At this stage, regardless of deciding between deep learning (neural networks) or machine learning models (SVM, decision trees), it’s important to have direct access to many algorithms used for AI workflows, such as classification, prediction and regression. You may also want to use a variety of prebuilt models developed by the broader community as a starting point or for comparison.
While algorithms and prebuilt models are a good start, they’re not the complete picture. Engineers learn how to use these algorithms and find the best approach for their specific problem by using examples. A tool such as Matlab provides hundreds of examples for building AI models across multiple domains.
AI modeling is an iterative step within the complete workflow, and engineers must track the changes they’re making to the model throughout this step. Tracking changes and recording training iterations, with tools like Experiment Manager, is crucial as it helps explain the parameters that lead to the most accurate model and create reproducible results.
Step 3: simulation and test
AI models exist within a larger system and must work with all other pieces in the system. Consider an automated-driving scenario: not only do you have a perception system for detecting objects (pedestrians, cars, stop signs), but this has to integrate with other systems for localization, path planning, controls and more. Simulation and testing for accuracy are key to validating that the AI model is working properly and everything works well together with other systems, before deploying a model into the real world.
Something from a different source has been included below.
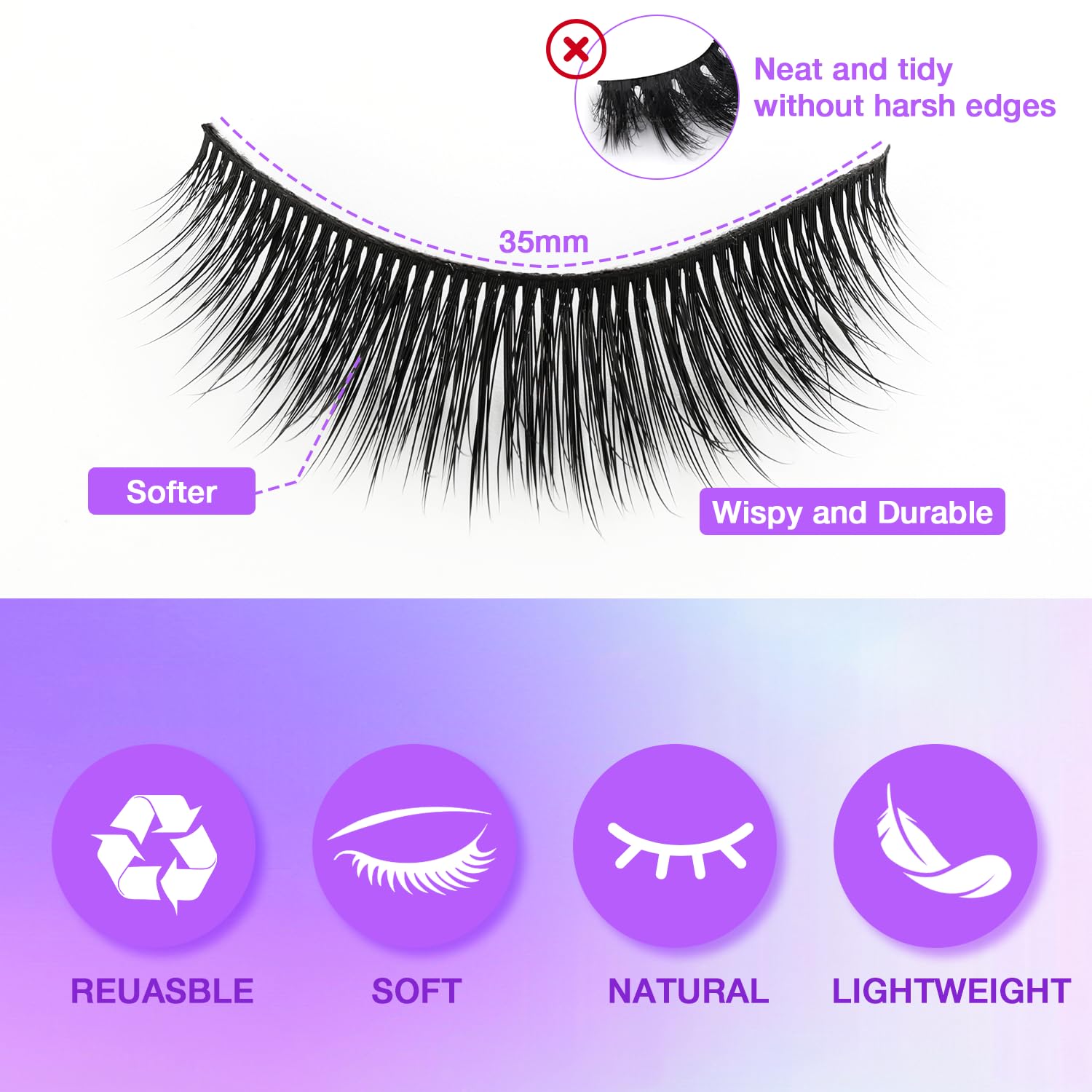 - 7 Pairs Natural-Looking Lashes Kit: Endless Beauty! Beginner-friendly false eyelashes with bond + seal + tweezer included! Achieve natural-looking wispy lashes in minutes – easy strip lashes with flexible thin band for seamless blending.

To build this level of accuracy and robustness prior to deployment, engineers must ensure that the model will respond the way it’s supposed to, no matter the situation. Questions you should ask at this stage include: what’s the overall accuracy of the model? Does the model perform as expected in each scenario? Does it cover all edge cases?
Trust is achieved once you’ve successfully simulated and tested all cases you expect the model to see and can verify that the model performs on target. By using tools like Simulink, engineers can verify that the model works as desired for all the anticipated use cases, avoiding redesigns that are costly both in money and time.
Step 4: deployment
Once you’re ready to deploy, the target hardware is next, meaning you need to ready the model in the final language in which it will be implemented. This step typically requires design engineers to share an implementation-ready model, allowing them to fit that model into the designated hardware environment. From desktop to the cloud to FPGAs, tools like Matlab can handle generating the final code in all scenarios. They offer engineers the leeway to deploy their model across a variety of environments without having to rewrite the original code.
Take the example of deploying a model directly to a GPU. Automatic code generation eliminates coding errors that could be introduced through manual translation and provides highly optimized Cuda code that will run efficiently on the GPU.
Engineers don’t have to become data scientists or even AI experts to apply artificial intelligence. The right tools, functions and apps to integrate AI into their workflow and available experts to answer questions related to AI integration are crucial resources for setting them – and their AI models – up for success. Ultimately, engineers are at their best when they can focus on what they do best and build on it with the right resources to help them bring AI into the picture.